---------- Study material ----------
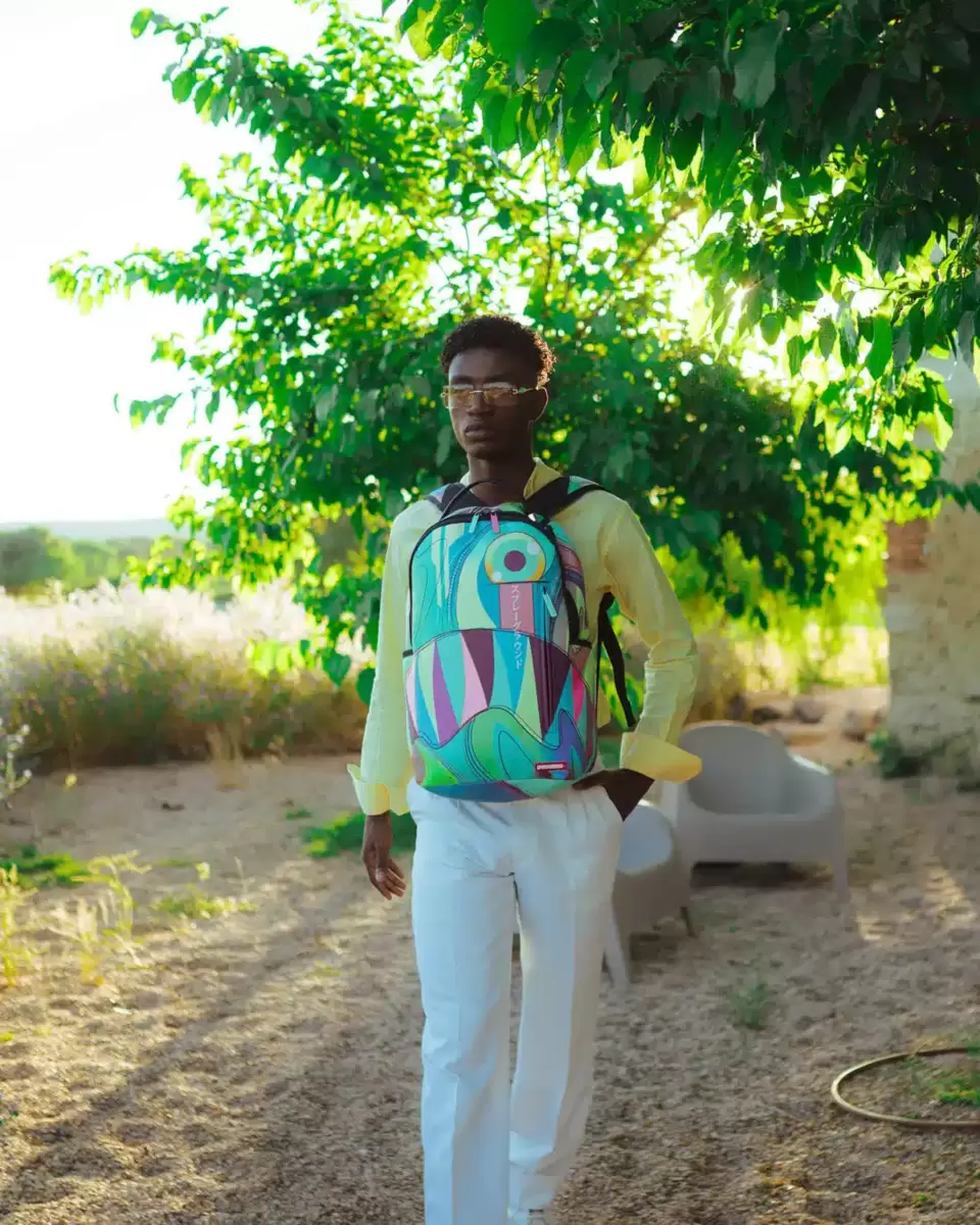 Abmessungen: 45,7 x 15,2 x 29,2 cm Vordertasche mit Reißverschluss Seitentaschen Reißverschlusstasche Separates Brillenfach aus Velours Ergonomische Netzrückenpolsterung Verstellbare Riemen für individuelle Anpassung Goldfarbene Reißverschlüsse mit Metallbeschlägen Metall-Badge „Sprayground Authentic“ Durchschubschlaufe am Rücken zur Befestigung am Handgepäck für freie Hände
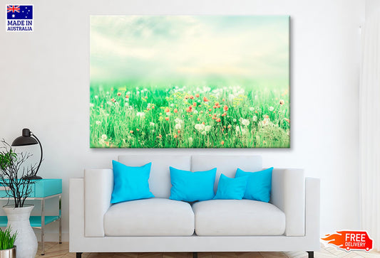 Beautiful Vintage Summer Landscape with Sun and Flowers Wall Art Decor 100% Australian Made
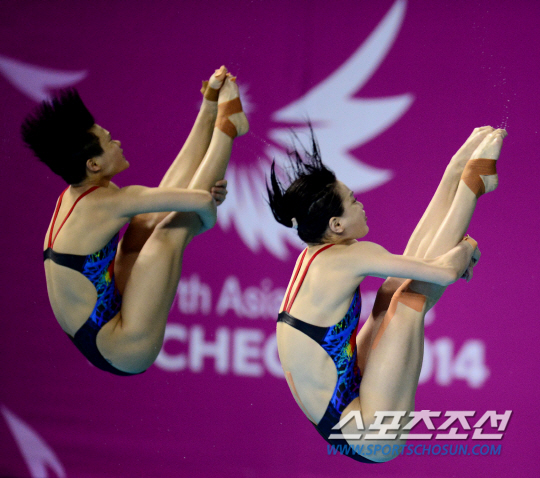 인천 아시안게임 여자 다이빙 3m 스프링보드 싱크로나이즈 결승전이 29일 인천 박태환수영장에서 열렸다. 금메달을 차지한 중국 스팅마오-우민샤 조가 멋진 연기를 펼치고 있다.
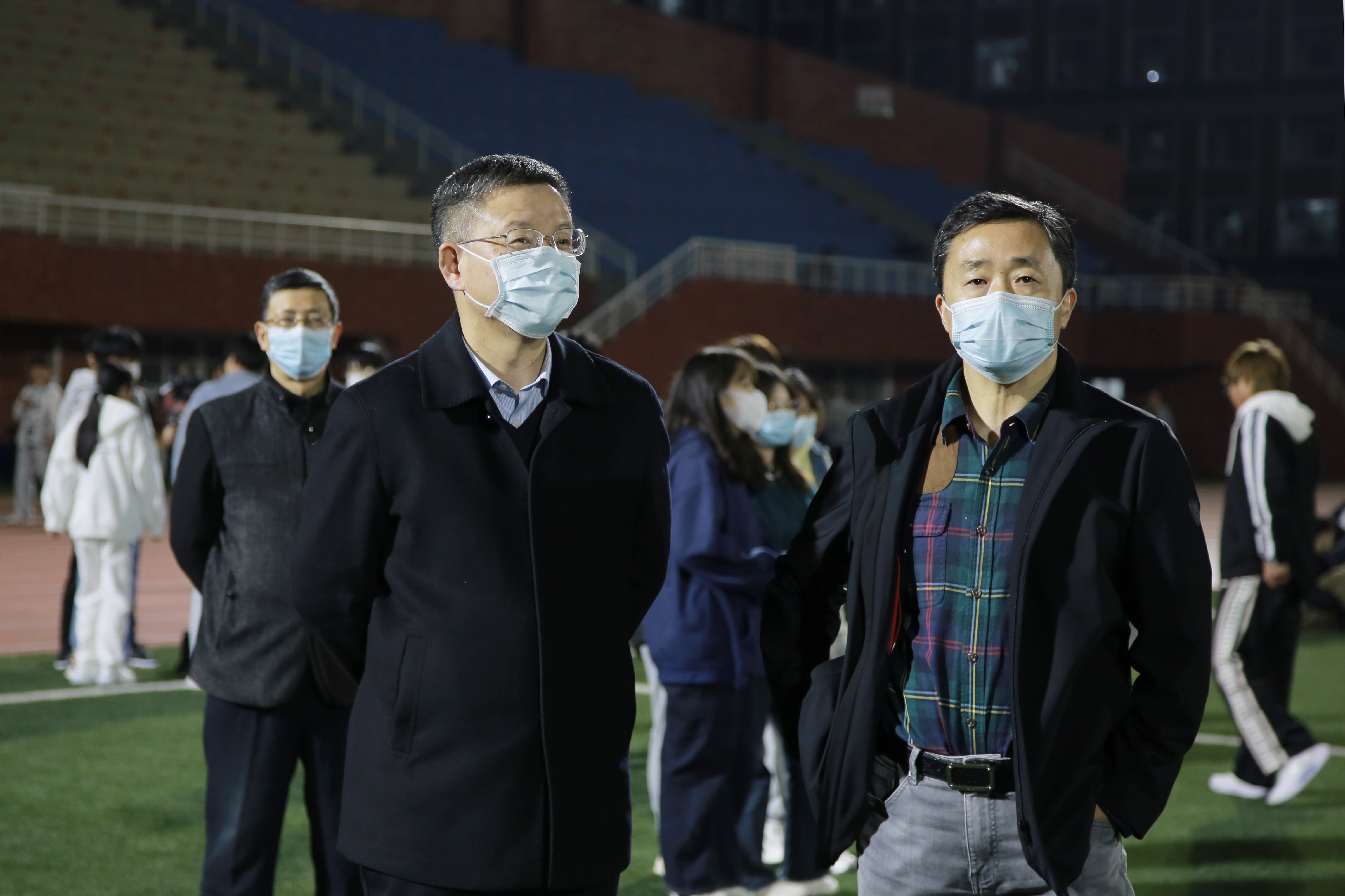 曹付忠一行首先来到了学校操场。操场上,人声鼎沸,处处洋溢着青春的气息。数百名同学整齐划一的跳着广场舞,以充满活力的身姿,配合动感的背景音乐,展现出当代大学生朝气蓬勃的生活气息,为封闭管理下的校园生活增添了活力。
----------
---------- Study material ----------
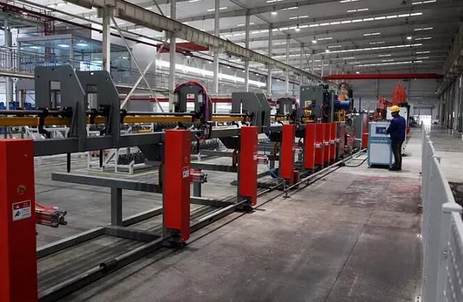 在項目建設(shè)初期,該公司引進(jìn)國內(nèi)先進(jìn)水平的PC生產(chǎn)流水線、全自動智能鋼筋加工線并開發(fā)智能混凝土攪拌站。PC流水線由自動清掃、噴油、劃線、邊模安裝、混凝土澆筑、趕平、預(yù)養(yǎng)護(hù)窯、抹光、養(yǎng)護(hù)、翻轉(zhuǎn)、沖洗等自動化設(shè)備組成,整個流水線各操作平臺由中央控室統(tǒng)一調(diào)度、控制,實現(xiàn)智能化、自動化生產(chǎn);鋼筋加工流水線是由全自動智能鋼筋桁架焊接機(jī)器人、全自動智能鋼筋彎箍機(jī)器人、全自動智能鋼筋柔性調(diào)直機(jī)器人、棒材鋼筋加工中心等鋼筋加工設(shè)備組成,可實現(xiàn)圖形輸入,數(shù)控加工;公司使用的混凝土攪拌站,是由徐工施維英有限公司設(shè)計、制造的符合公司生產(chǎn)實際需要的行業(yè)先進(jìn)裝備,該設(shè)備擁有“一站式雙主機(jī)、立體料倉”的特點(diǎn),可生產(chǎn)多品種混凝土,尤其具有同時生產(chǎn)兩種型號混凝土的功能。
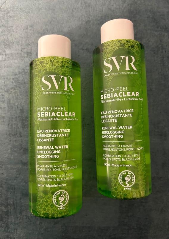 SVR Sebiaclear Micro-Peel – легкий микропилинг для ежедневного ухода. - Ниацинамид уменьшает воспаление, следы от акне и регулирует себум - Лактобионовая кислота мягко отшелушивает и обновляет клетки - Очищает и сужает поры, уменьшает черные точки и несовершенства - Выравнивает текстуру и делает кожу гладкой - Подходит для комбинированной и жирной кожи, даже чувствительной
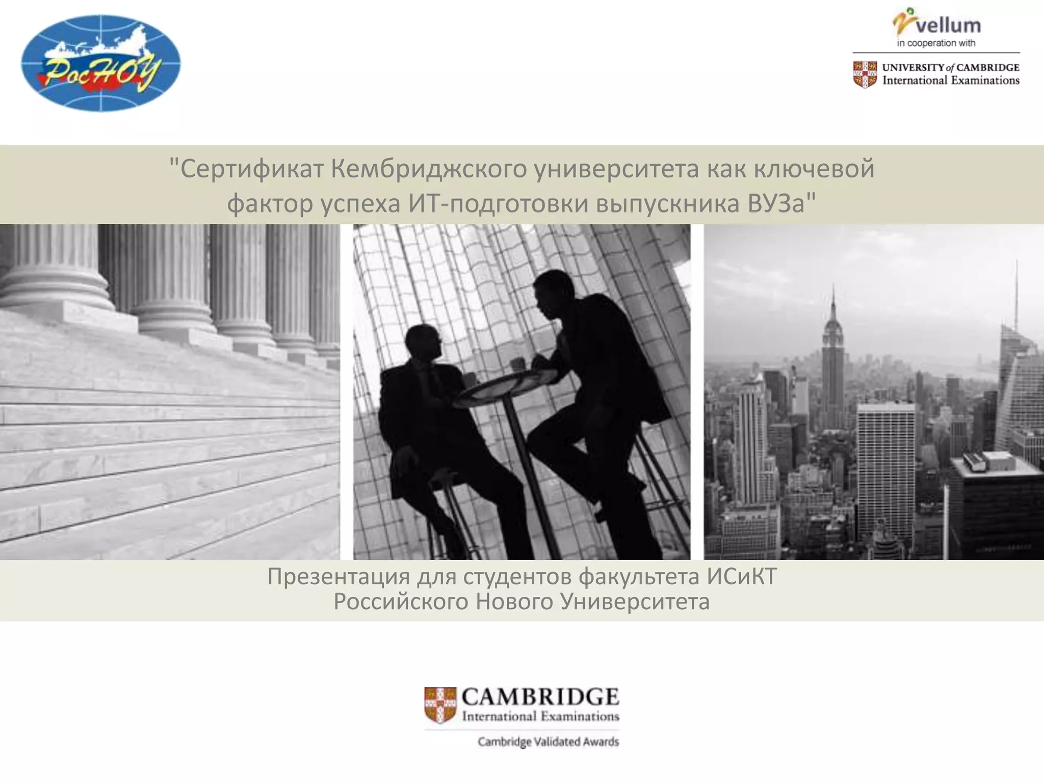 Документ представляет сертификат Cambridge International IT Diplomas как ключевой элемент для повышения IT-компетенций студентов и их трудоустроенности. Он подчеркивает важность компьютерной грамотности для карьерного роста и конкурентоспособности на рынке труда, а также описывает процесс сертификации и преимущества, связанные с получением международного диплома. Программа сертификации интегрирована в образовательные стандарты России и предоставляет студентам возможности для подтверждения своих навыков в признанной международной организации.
----------
▶ [Your instructions]
Only the lines above starting with the line with "Abmessungen: 45,7 x" and going on through the line with "Beautiful Vintage Summer" belong in the answer; repeat them exactly, minus any picture.

▶ [Completed exercise]
 Abmessungen: 45,7 x 15,2 x 29,2 cm Vordertasche mit Reißverschluss Seitentaschen Reißverschlusstasche Separates Brillenfach aus Velours Ergonomische Netzrückenpolsterung Verstellbare Riemen für individuelle Anpassung Goldfarbene Reißverschlüsse mit Metallbeschlägen Metall-Badge „Sprayground Authentic“ Durchschubschlaufe am Rücken zur Befestigung am Handgepäck für freie Hände
 Beautiful Vintage Summer Landscape with Sun and Flowers Wall Art Decor 100% Australian Made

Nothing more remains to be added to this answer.